OpenSearch integration improvements #139

filipecosta90 · 2024-05-16T00:26:16Z

The bellow changes aim to:

Ease the OpenSearch integration, while also reusing as much as possible the connection creation steps.
Add support for anonymous auth on opensearch client
Add support for HTTPS traffic and detect ssl configs from connection details
Ensure that the cluster is at least at yellow state before querying
Enables inner product distance (supported for Lucene in OpenSearch version 2.13 and later)
Enables vector dimensions up to 16K (Source: https://opensearch.org/docs/latest/search-plugins/knn/approximate-knn/)
Uses a backoff stragegy on search_one method when required (due to 429 errors). Fixes OpenSearch search run should handle rate-limiting / 429 HTTP errors #142

…ports it (supported for Lucene in OpenSearch version 2.13 and later)

… for anonymous_auth feature of opensearch)

…t upload stage

LukasWestholt

Thank you for your commits. I want to compare search and upload performance from old and new implementation and hope this will get merged soon.

LukasWestholt · 2024-10-02T12:44:09Z

experiments/configurations/opensearch-single-node-single-shard.json

@@ -0,0 +1,87 @@
+[
+  {
+    "name": "opensearch-default",


You need to rename the single-shard experiments from
"opensearch-" to "opensearch-single-shard-" so both are accessable.

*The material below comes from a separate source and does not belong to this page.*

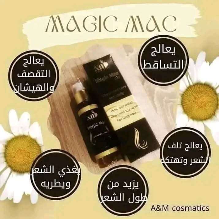 زيت ماجيك ماك المتكامل من شركة مكة براند A & M كوزماتبكس يعالج تساقط الشعر وتقصفه ويقضى على الهيشان ويساعد على إطالة الشعر
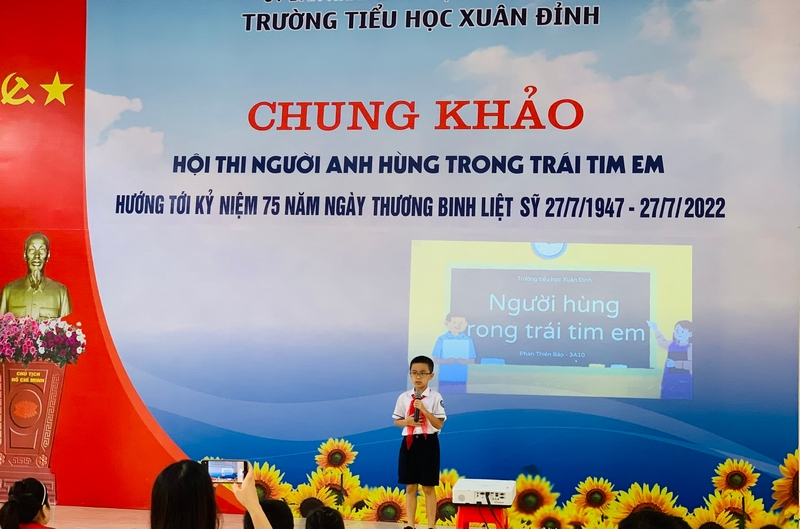 Đồng thời, Trường Tiểu học Xuân Đỉnh tổ chức cuộc thi “Người anh hùng trong trái tim em” dành cho các em học sinh trong trường. Các em tham gia cuộc thi bằng cách làm video (clip) giới thiệu, nêu cảm nghĩ về một người anh hùng để lại nhiều ấn tượng và cảm xúc mà các em đã được học, được đọc qua sách báo hay xem trên truyền hình.

number_of_shards=1 is according to this already the default. Does those experiments then even do something different to opensearch-single-node-default-index.json?

Should we maybe say number_of_replicas=0 for optimization? see https://repost.aws/knowledge-center/opensearch-indexing-performance

Ah i see: number_of_replicas=0 is already set.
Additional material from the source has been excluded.